We next performed an exploratory meta-analysis for the remaining cortical structures despite low number of reports. The magnitude of presynaptic protein loss was similar to temporal cortex in parietal cortex (Table 1; effect size: –0.92; 95% CI: –1.65, –0.19; p = 0.014) and cingulate gyrus (Table 1; effect size: –1.07; 95% CI: –1.67, –0.47; p < 0.001). Data was available in three studies each and included 209 proteins measured for parietal cortex and four proteins measured for cingulate gyrus. Heterogeneity was not significant in cingulate gyrus (p = 0.09). In parietal cortex heterogeneity was low within studies (Level 2 I2: 15.18%) and moderate between studies (Level 3 I271.66%). Meanwhile, effects in entorhinal cortex, occipital cortex, and hippocampal formation (HPF, including cornu ammonis and dentate gyrus) were not significant (Table 1).

Reduced levels of presynaptic proteins in AD cohorts are protein-specific

To reveal whether there are protein-specific effects, proteins, and protein families with effect sizes from at least five independent studies were assessed. Synaptosome associated proteins (SNAPs) were quantified in five brain areas across seven studies. Meta-analysis confirmed a significant decrease in SNAP proteins (Supplementary Figure 1; effect size: –0.90; 95% CI: –1.4, –0.4; p < 0.001). The overall effect was strongest for SNAP25 alone (Fig. 5; effect size: –1.06; 95% CI: –1.49, –0.63; p < 0.001).
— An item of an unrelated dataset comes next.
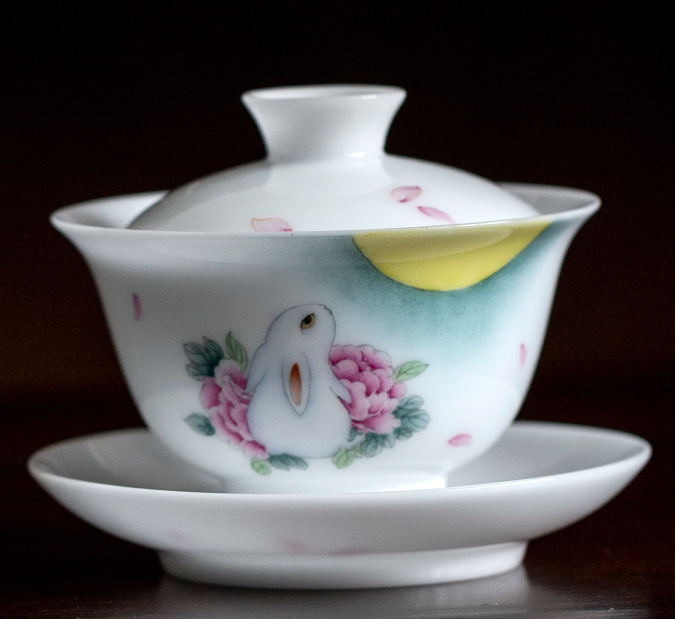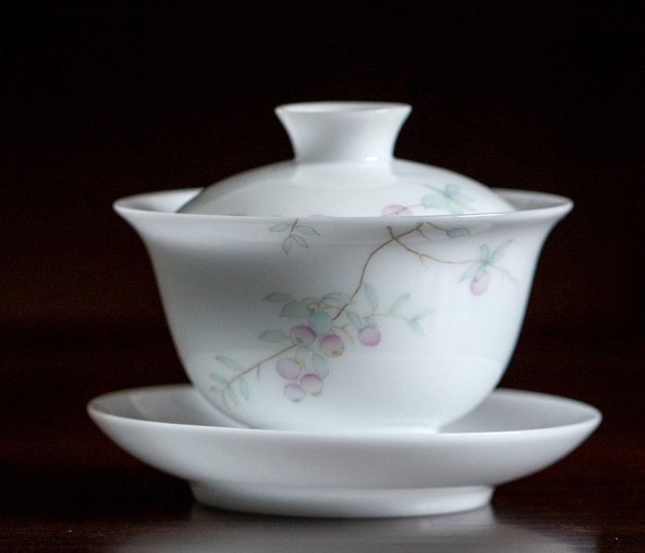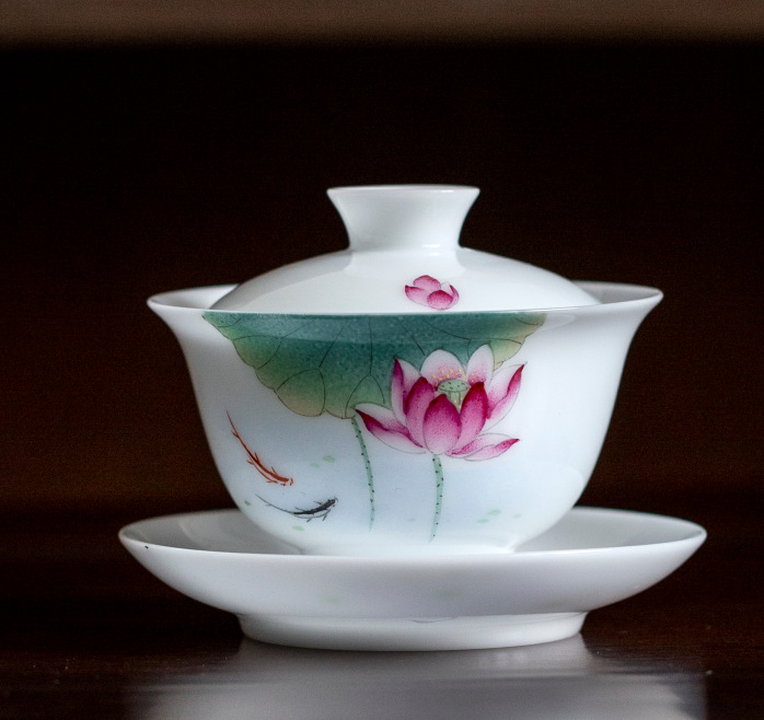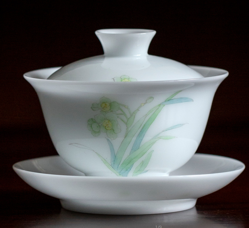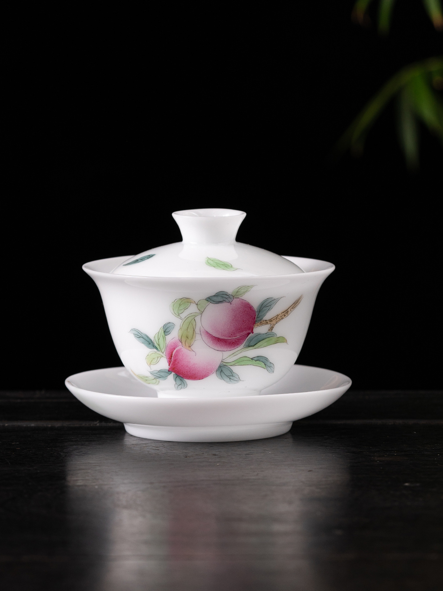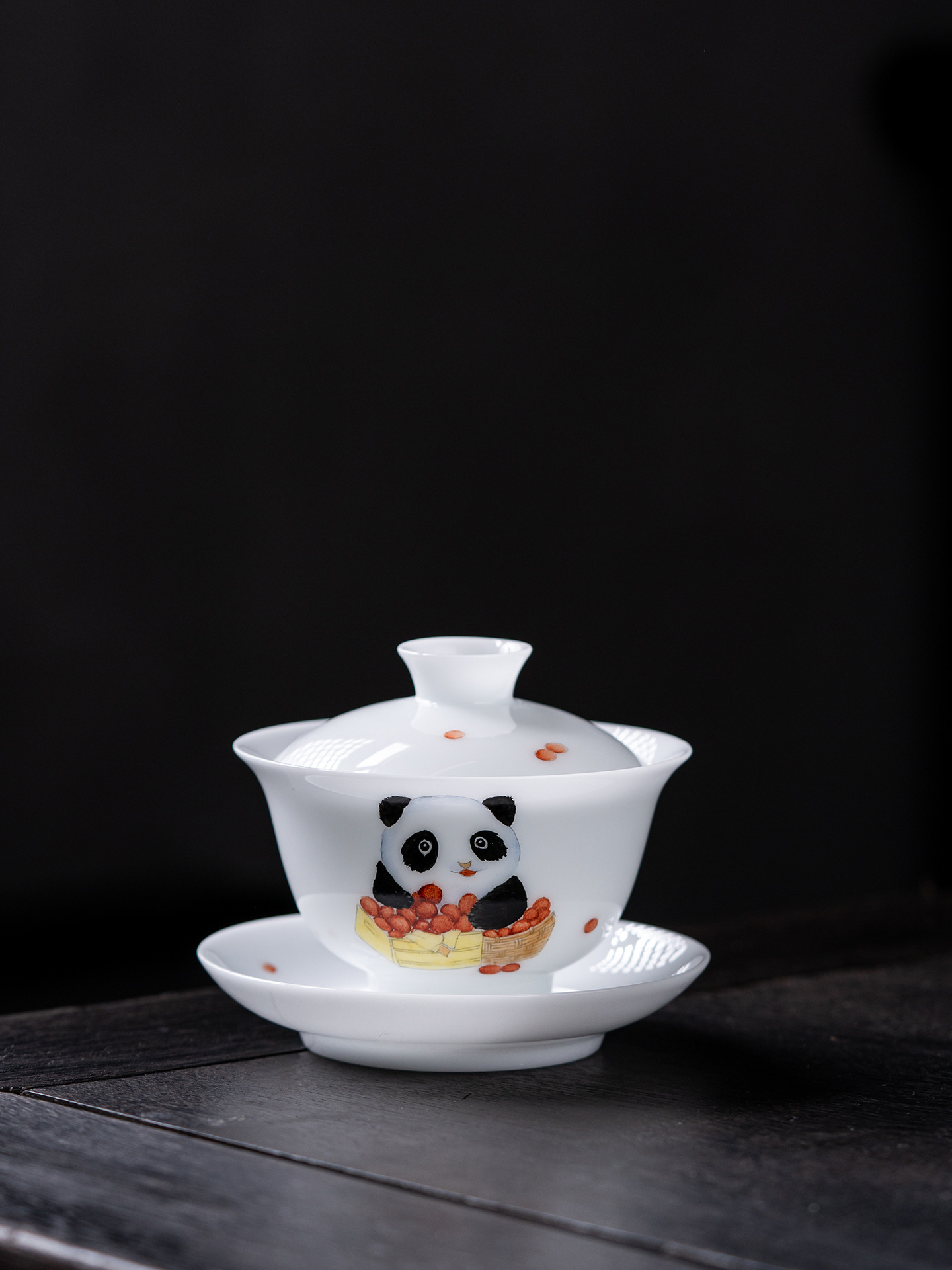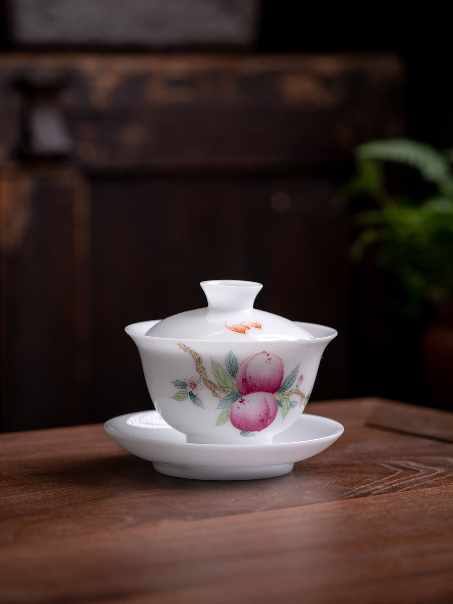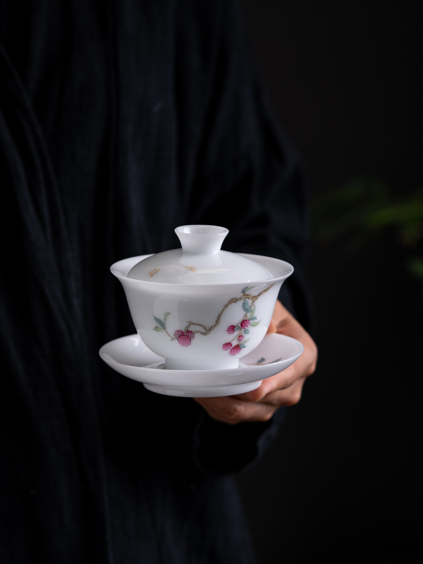 冰种玉瓷单个羊脂玉不烫手三才盖碗茶杯手绘茶碗整套套装带盖

Both analyses showed moderate heterogeneity with I2 of 66% and 52.46% respectively. However, for SNAP25 heterogeneity was very similar within- and between studies (Level 2 I2: 25.01%; Level 3 I2: 27.45%) whereas in the analysis of all SNAP proteins heterogeneity was mainly due to between-study variation (Level 2 I2: 13.55%; Level 3 I2: 51.32%). All but one report [32] showed a moderate to large decrease of SNAP25 levels in AD patients.
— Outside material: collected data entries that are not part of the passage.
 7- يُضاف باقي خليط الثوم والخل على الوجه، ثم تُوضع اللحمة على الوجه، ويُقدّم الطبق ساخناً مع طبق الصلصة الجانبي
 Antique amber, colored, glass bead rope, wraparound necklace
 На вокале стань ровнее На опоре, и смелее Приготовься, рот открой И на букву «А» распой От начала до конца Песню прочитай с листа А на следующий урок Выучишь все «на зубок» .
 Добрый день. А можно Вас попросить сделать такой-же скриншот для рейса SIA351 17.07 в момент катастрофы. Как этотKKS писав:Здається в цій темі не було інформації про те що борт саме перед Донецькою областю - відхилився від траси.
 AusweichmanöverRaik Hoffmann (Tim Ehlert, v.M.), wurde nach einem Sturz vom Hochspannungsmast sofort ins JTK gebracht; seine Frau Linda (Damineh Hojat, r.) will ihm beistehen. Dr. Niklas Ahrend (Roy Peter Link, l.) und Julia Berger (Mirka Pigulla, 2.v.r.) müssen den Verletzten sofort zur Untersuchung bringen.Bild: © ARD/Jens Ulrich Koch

The syntaxin (STX) family showed no significant loss in AD (Supplementary Figure 2). Included in this analysis were six studies measuring syntaxin proteins in five areas. Syntaxin 1 (STX1) was the most frequently analyzed protein in this family and was mentioned in five publications across five brain regions. Syntaxin 1, including isoforms STX1A and STX1B also showed no significant loss in AD subjects compared to controls (Fig. 6). Synaptotagmins (SYTs) were measured in five publications, but no overall change was found (Table 1).
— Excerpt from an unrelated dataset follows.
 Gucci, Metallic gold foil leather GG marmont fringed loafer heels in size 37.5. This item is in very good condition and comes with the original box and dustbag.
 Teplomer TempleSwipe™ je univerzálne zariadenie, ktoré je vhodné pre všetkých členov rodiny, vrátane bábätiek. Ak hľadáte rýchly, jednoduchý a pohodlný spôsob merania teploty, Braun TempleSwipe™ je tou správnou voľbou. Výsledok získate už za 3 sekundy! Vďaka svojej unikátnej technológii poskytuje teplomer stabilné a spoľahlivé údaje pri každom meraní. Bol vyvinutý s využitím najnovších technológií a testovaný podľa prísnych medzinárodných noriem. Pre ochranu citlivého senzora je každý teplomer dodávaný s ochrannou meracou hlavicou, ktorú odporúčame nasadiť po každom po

The most frequently analyzed presynaptic protein was synaptophysin (SYP) with data available from nine studies. Synaptophysin was measured in seven cortical and five subcortical regions. Meta-analysis confirmed an overall decrease of SYP (Fig. 7: effect size: –0.76; 95% CI: –1.11, –0.41; p < 0.001). Overall heterogeneity was moderate due to between-study heterogeneity (Total I2: 54%, Level 2 I2: 0.74%, Level 3 I2: 53.36%) and only one report showed no decrease of SYP levels in AD patients. For exploratory analysis, protein families with low study numbers were also analyzed but none showed significant overall effects (Table 1).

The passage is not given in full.